1999: Michael Hoffman:
This most recent entry into the fray received mixed notices from both the Shakespeare community and from the press in general, and it is bound to stir up controversy for some time to come. It inexplicably sets the play around the turn of the century in Italy — a point that it goes out of its way to belabor in a written note at the beginning of the play — and fills it with bicycles, bloomers, and extravagant displays of fin-de-siecle haute cuisine. Nevertheless, it manages to achieve a remarkable visual power, and after a fairly short time, the cultural transposition is more or less acceptable — at no point does it eclipse the story (as happens in some of the other transposed Shakespeare plays like McKellan's Richard III or Baz Luhrmann's Romeo + Juliet). At a couple of points the most arbitrary parts of the conceit become arrestingly beautiful and take a rather charming place in the story: there is one completely unanticipated piece involving a phonograph.It is without a doubt the most artistically lavish production, with an august aristocratic villa and a picturesque Italian town for "Athens" and lush woodland settings for the rest. The art direction exhibits a control of imagery that is almost unprecedented, and a receptive viewer will find that it enriches the play considerably, when it is not actively distracting. Titania and Oberon's first confrontation is a cinematic set-piece worthy of study all by itself. Titania's awe-inspiring retinue includes an evocative range of fantastical beings: Janus-headed figures, sphinxes, and — in an inspired touch, an Indian boy who is blue (an otherwise unelaborated reference to the conventional iconography of Krishna).
The best of its performances work well. Kevin Kline is remarkably effective as Bottom, neither as ridiculous nor as contemptible as most, but having a certain melancholy tonality; his troupe of workman-players is realized with an unsurpassed charm and finesse. Stanley Tucci as Puck steals almost every scene he's in.

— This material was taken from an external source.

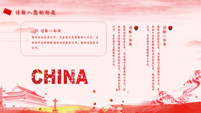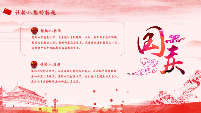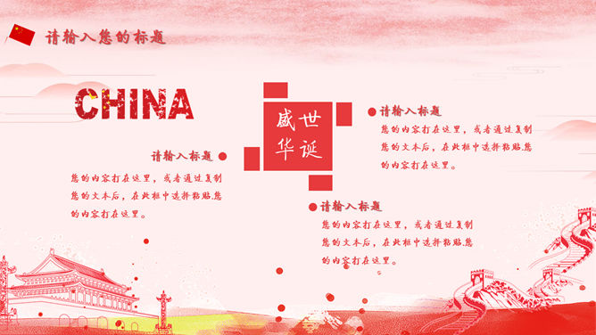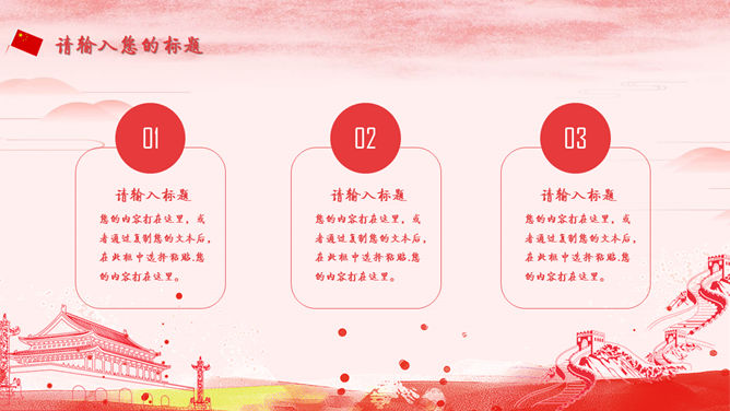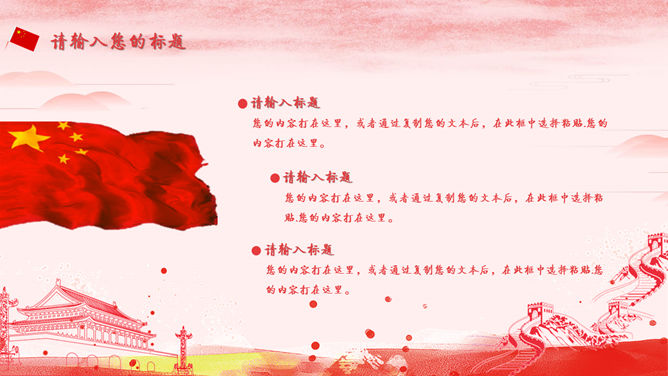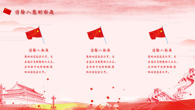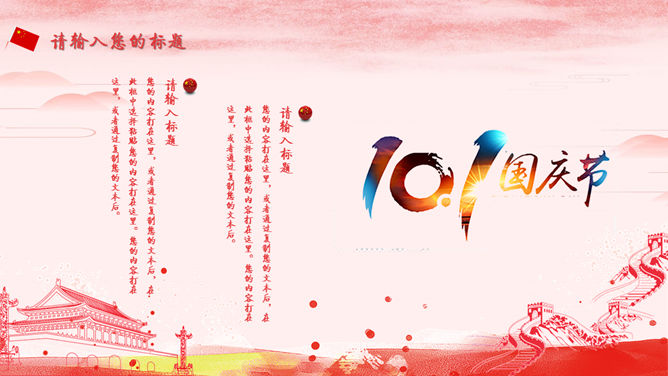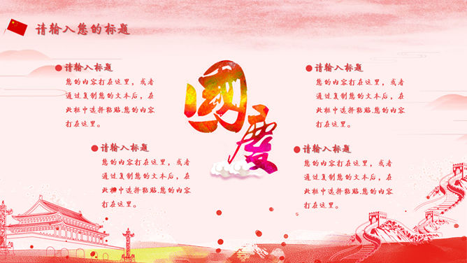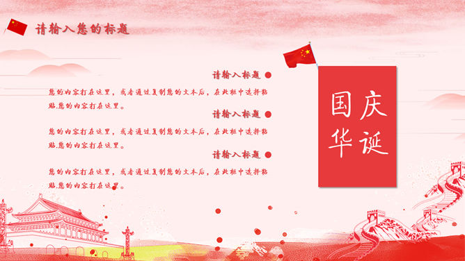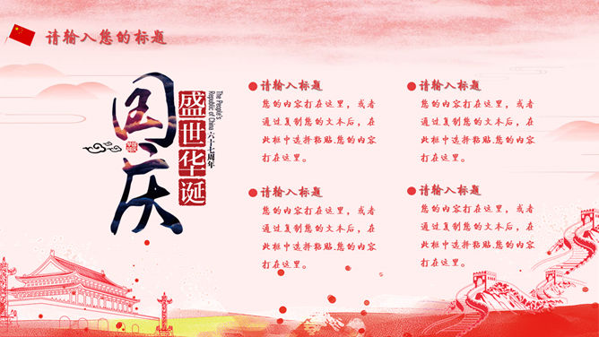 祖国万岁庆祝国庆节PPT模板。一套庆祝国庆节幻灯片模板,喜庆红色主色调,天安门、国旗、长城等元素装修。

Not all the casting is equally successful. Rupert Everett presents a nerveless and languid Oberon against Michelle Pfeiffer's far more engaging (but still flatly middle-American) Titania. Some may find Calista Flockhart a bit difficult to believe as Helena; never having seen her as Ally McBeal I don't have that imagery to purge, but persuading myself that she is very tall is a bit of a problem.
Several bold interpretive moves keep the play alive even for the viewer who has seen it one time too many — particularly the novel handling of the Pyramus and Thisbe play-within-a-play, and Bottom's final wistful recollection of his strange dream. They tend to enrich the sense of the whole without really attacking or subverting it aggressively — a delightful contrast to the belligerent and heavy-handed anarchism of Luhrman's Romeo.
There is some restrained depiction of nudity in the film, and implicit sexual activity, but far less gratuitous and offensive in form than what shows up in the Adrian Noble version.